Scientists, in their data sharing activities thus have to contend with deciding what data to share, and what methods, including which ICT platform(s), should be employed to share it [21, 32, 42]. These options can be thought of as particular data dissemination pathways. Deciding on a pathway involves scientific and logistical concerns, but also has ethical consequences. These ethical issues relate to who can benefit from the pathways—and who can exploit them. Considerations that need to be taken into account when assessing possible dissemination pathways include the cultural and linguistic assumptions underlying their design [42], the ICT resources necessary to exploit them, the cost of using them [41], and their integrity from safety and security perspectives.

Thinking about data journeys is thus important for both Open Data and dual-use discussions. In particular, it highlights the “messiness” inherent in modern data sharing, and the important role that scientists play as not only data generators, but also selectors of the data that are released online and where it are released to. This necessitates that the ethical responsibilities of data management amongst scientists be revisited. If the structures are in place to facilitate it, there is no particular limit to how data can move across communities or institutions. The responsibility of scientists must therefore be located in the small data transactions of daily research. Scientists thus need to recognise the ethical import of each data transaction—no matter how small or routine. Being critically aware not only about what is shared, but where is a vital component of ethical behaviour.

“Micro-movements”: Rethinking responsibility for scientific data

The current literature examining data in scientific research highlights two important considerations: that what constitutes “data” is ever increasing, as are the ways in which these “data” move through the online environment.
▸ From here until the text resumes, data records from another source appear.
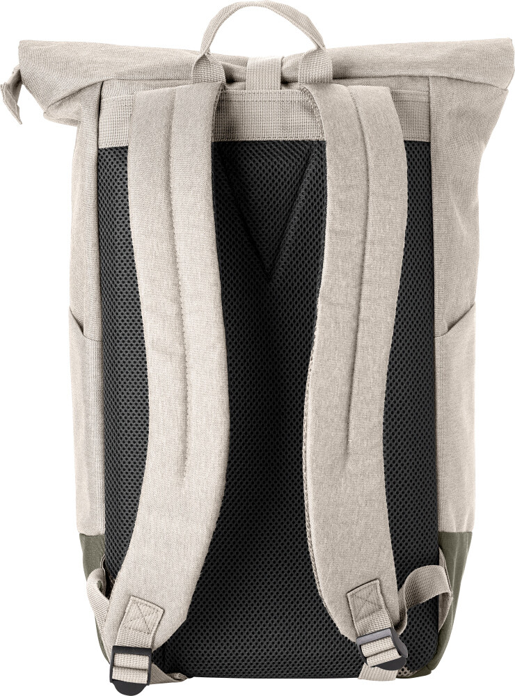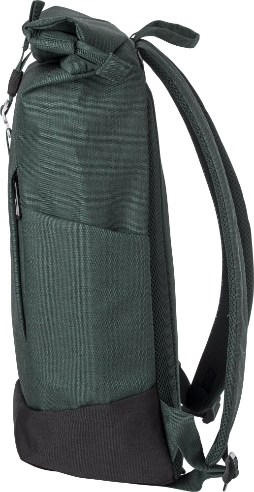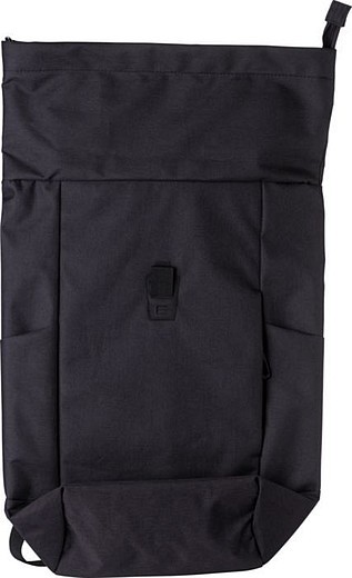 Rolovací polyesterový batoh. Jedna velká přihrádka na zip se dvěma kapsami a přihrádkou na notebook. Kapsa na zip v přední části. Polstrovaná záda a popruhy, které jsou nastavitelné. Kovový háček na uzavření. Rozměry: 25 x 14 x 45 cm.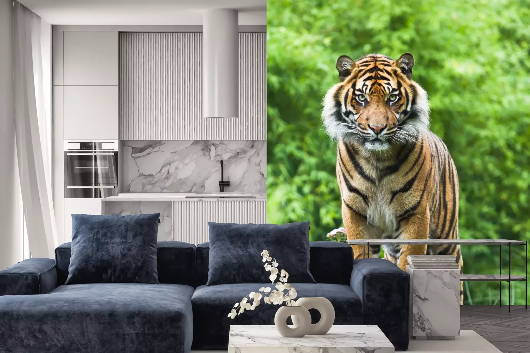 Das Material Premium+ besteht aus einer strukturierten Vinyl-Oberschicht und einem Trägermaterial (Vlies) mit einer Grammatur von 255 g/m², das kleine Unebenheiten der Wand zuverlässig kaschiert. Die feine Sandstruktur verleiht der Oberfläche eine luxuriöse Haptik, während das halbmatte Finish die Tiefe der Farben betont. Das Material ist dampfdurchlässig – so kann diese Fototapete auch in Küchen und Badezimmern eingesetzt werden. Die maximale Breite einer Tapetenbahn beträgt 100 cm. Bei größeren Abmessungen besteht die Fototapete aus mehreren gleich großen Bahnen. Der Kleber wird direkt auf die Wand aufgetragen, und die Fototapete wird auf Stoß angebracht, was für einen ästhetischen Effekt ohne sichtbare Fugen sorgt. Die Oberfläche ist pflegeleicht und kann bei Bedarf sanft mit einem feuchten Tuch abgewischt werden.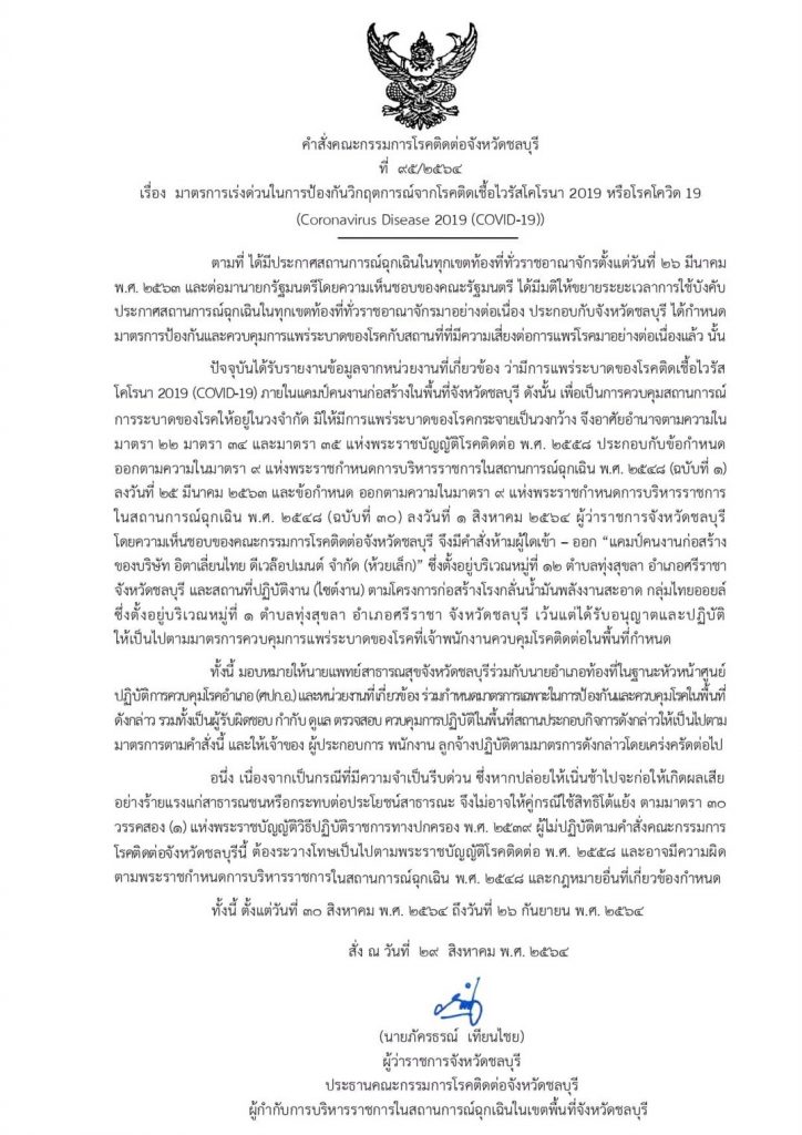 นายภัครธรณ์ เทียนไชย ผู้ว่าราชการจังหวัดชลบุรี ประธานคณะกรรมการควบคุมโรคติดต่อจังหวัดชลบุรี ผู้กำกับการบริหารในสถานการณ์ฉุกเฉินในเขตพื้นที่จังหวัดชลบุรี ออกคำสั่งคณะกรรมการโรคติดต่อจังหวัดชลบุรี ที่ 95/2564 ลงวันที่ 29 ส.ค.2564

Moreover, the fundamental role that the individual scientist plays in these two considerations becomes evident when they are critically assessed. Individual scientists, it can be suggested, are in control of what to use/share, and how to use/share it. Indeed, all downstream data actions are dependent on these initial decisions made by individual scientists.
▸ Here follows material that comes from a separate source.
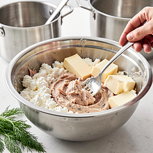Prepare the mackerel: place the smoked mackerel on a board, use a sharp knife to cut the skin along the back and gently detach the fillets from the bones. Hold the skin with one hand and separate the meat with a fork or knife to remove the skin and larger bones. Check for small bones with your fingers and remove them with tweezers or your fingers. Then, flake the meat with a fork — leave a few larger pieces for texture.
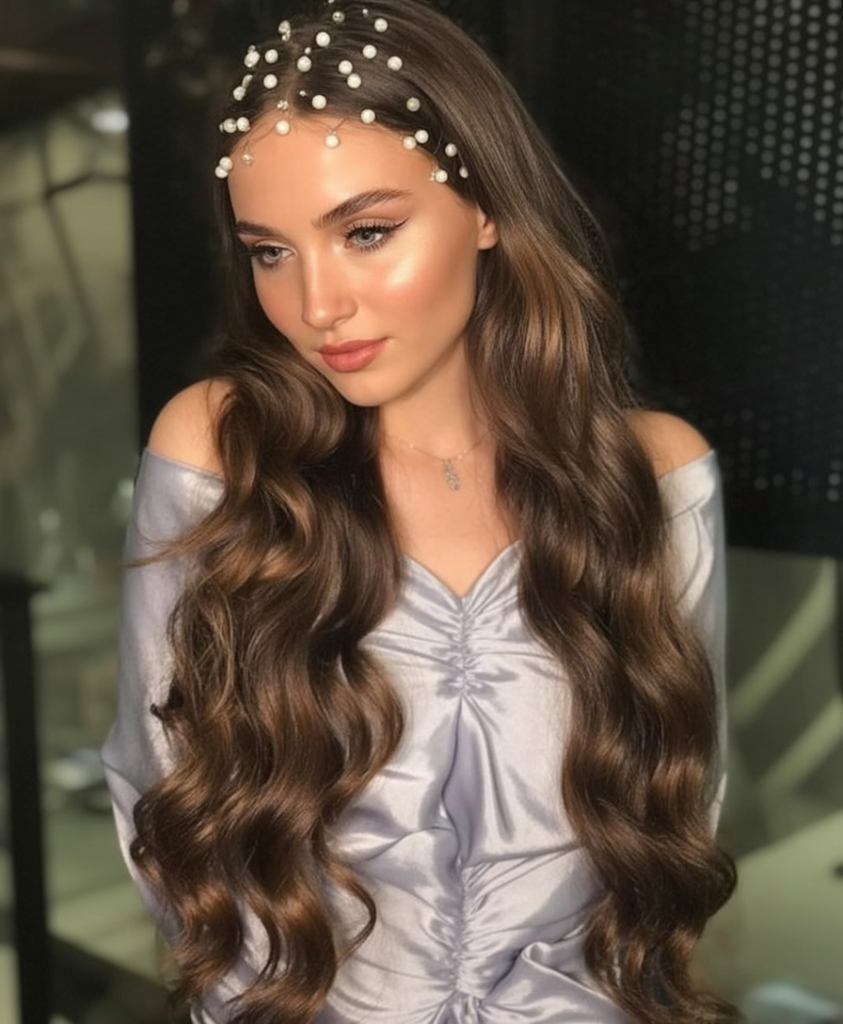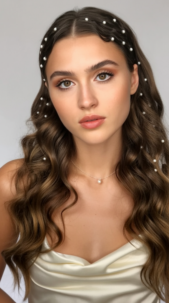 This look suits people with long hair and medium hair, particularly if they desire to maintain a soft look yet accent it with a unique feature. This hairstyle is also one of the top wedding styles for 2026 since it combines ease and drama. Pearls continue to top the trends, and this look clearly proves it.

The RIN study on data sharing practices asked scientists to fill in “data journals”, mapping out what data moved in and out of their research context on a daily basis [21]. What was evident from this study was the myriad of small data transactions-or “micro-movements” that occur on a daily basis. The idea of “micro-movements” of data represents the daily activities that the individual scientist encounters that involve data being moved on- or off-line, and across the myriad different data distribution channels outlined above. These movements are controlled not only by regulation, tradition or expediency, but also, as discussed previously, by the tacit knowledge, personal preferences and prejudices of the individual scientist.

A focus on data micro-movements suggests a way to balance dual-use and Open Data concerns and to bring them together in a way that lays the foundations for a more contextually-sensitive approach to discussions on responsible conduct of research. Focusing on the data interactions that happen within the daily research activities of a specific laboratory context removes much of the abstract nature of both dual-use and Open Data discussions. It offers a way to discuss ethical responsibilities in a manner that relates to the agency of individual scientists and of scientific research groups, something which is often crucial in stimulating discussions on responsibility [43]. For scientists this responsibility can be framed according to the following requirements:

  • That the individual scientist assesses where the data are coming from—does the origin of the data raise concerns?

  • That the individual scientist considers where the data are going to—does it increase the potential for beneficial re-use?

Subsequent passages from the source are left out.